I observe that when we speak of holism, we usually focus on human methods.  I believe this leads to a false dichotomy that pits evangelists against servants.  Instead we should focus on divine results.  The gospel is holisitc in the sense that it makes broken, bankrupt, alienated, hurting, dying men and women whole, integral, entire once more.  As God’s Spirit wields his sword and breathes new life into the penitent, obedient believer, he restores God’s very image in deformed and disfigured humanity.

Jesus said to Nicodemus, “Unless a man is born again, he cannot enter the kingdom of God.”  The kingdom gospel brings new life!  Its aim is to make people whole again!  

When the men came to Jesus, they said, “John the Baptist sent us to you to ask, ‘Are you the one who is to come, or should we expect someone else?’”

At that very time Jesus cured many who had diseases, sicknesses and evil spirits, and gave sight to many who were blind. So he replied to the messengers, “Go back and report to John what you have seen and heard: The blind receive sight, the lame walk, those who have leprosy[a] are cleansed, the deaf hear, the dead are raised, and the good news is proclaimed to the poor. Blessed is anyone who does not stumble on account of me.” (Luke 7:20-23)

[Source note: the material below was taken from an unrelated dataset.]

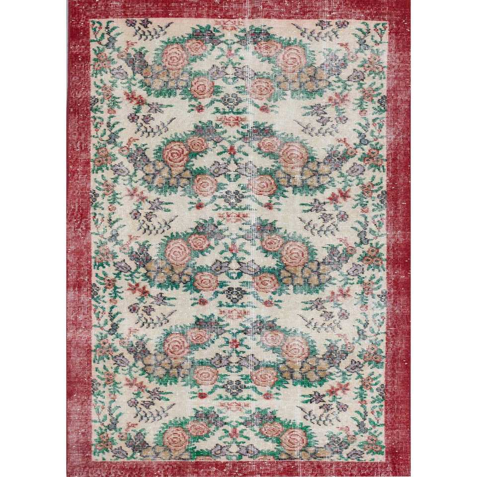 Alfombra Vintage de Lana 9x12 Roja y Naranja, Anudada a Mano, con Diseño Floral y Patrones de Rompecabezas Rectangulares para Entrada y Uso Doméstico - Pae-2272

The hallmark of the kingdom is wholeness.  The king’s rule is absolute even as his salvation is complete.  When God’s kingdom breaks into the human predicament, nothing remains outside the reach of his compassion and power.  Scripture teaches that salvation is not just forgiveness of past sins, but it is God’s Spirit empowering us to say no to temptation and sin.  It is the washing of present sins as we walk in the light and confess to our faithful and just Father.  It is complete salvation, complete renewal and it touches all facets of life.  In similar fashion, we are involved in a ministry to restore and renew men, women, boys, girls, families, communities, people groups, nations, and creation itself.

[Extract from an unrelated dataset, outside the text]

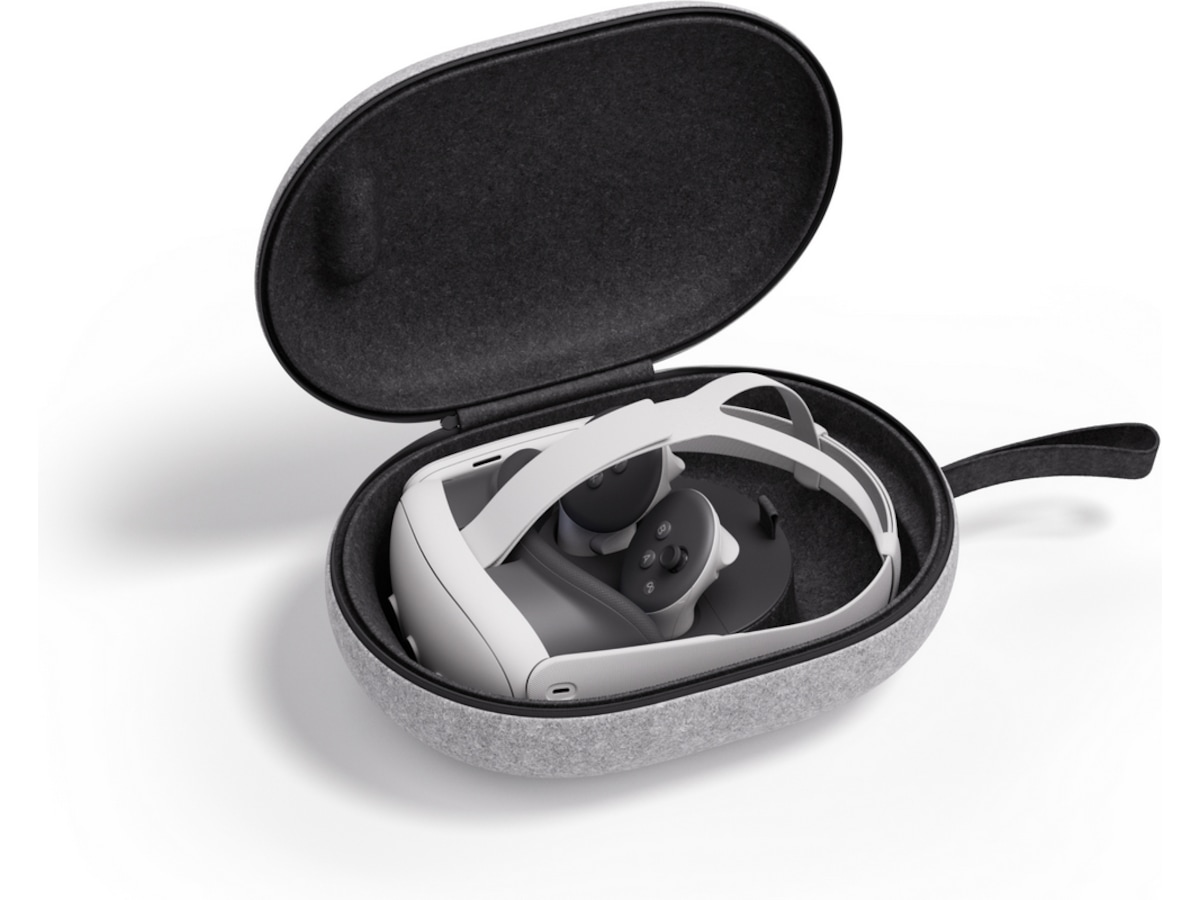 Designet til at passe til Meta Quest 3-headsettet, Touch Plus-controllerne, opladerkablet, adapteren, hovedremmen (standard eller Elite) og aktivitetsstropperne. Med den lette konstruktion, bløde hank og afrundede profil kan den tages med overalt.

I mentioned earlier that I have been privileged to witness a few instances of holistic ministry.  The ministries that I have seen the Smiths and McKinzies pursue in Arequipa, Peru are among the finest attempts to display the kingdom of God drawn near to people in need.  They have worked to establish neighborhood libraries but have gone beyond to teach school teachers to help children with literacy.  They have worked to empower people living in new neighborhoods on the outskirts of the city to put in septic systems and have gone beyond to encourage neighborhood associations of cooperation and communication.  They have established a program of micro-loans and gone beyond to train each recipient of a loan in principles of business ethics.  These good works are commendable but there are three important postscripts.  PS #1.  They have prayerfully abandoned all projects that they have judged unsustainable; PS #2.  The sustainable works have been passed on to Peruvian Christians who have been empowered to continue the ministry; and PS #3, all of this has been accompanied by the proclamation of Jesus as Lord.  It is a tribute to their love for people and their obedience to Jesus that they would emulate his own ministry among the Arequipeños.  The fruit of their labors are a small but devoted band of disciples who are enjoying the refreshment of fellowship with the triune God.

May we all pray to possess such a vision and understanding of God’s kingdom.  May we seek to be such servants and then to join forces with such servants, so that we can also pray with clarity and confidence:  “Our Father in heaven, hallowed be your name, your kingdom come, your will be done, on earth as it is in heaven.”